Maximaal piekvermogen
Marten: “Wij definiëren het maximaal piekvermogen als volgt: de gemiddelde piek over een kwartier gezien – dus niet bijvoorbeeld één seconde, en ook niet één uur – van ten minste twintig woningen die zijn aangesloten op hetzelfde transformatorhuisje of onderstation, bij een koud voorbeeld-klimaatjaar. Wij nemen 1987, waarin het -15 graden werd in de winter, als ijkjaar omdat Stedin dat zo doet. Dit is ook afgestemd met Liander.

Laatste vraag: kijken jullie alleen naar de warmtepomp-strategie?
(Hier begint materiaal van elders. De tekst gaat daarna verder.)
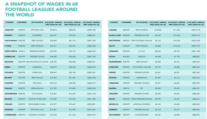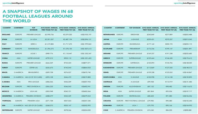Dünyanın 68 ölkə çempionatının qeyd olunduğu siyahıya İngiltərə Premyer Liqası başçılıq edir. Burada orta illik əmək haqqı 3,47 milyon avro təşkil edir. İspaniya La Liqası 2,55 milyon avro ilə ikinci, İtaliya A seriyası isə 1,76 milyon avro ilə üçüncü sıradadır.

Marten: “De aanpakken die we nu beschrijven richten zich inderdaad hoofdzakelijk op de individuele elektrische warmtepomp, omdat daar op dit moment de meeste data voor beschikbaar is. Wel kijken we nu al naar de verwachte relevantie van de maatregelen voor individuele warmtepompen, maar dan doorvertaald naar andere warmtestrategieën, zoals collectieve systemen. Onze wens is om in een volgende fase ook inzichten op basis van monitoringsdata van diverse warmtenet-varianten en hybride warmtepomp varianten toe te voegen. Dat is vooral een kwestie van data die nog beschikbaar moet komen.”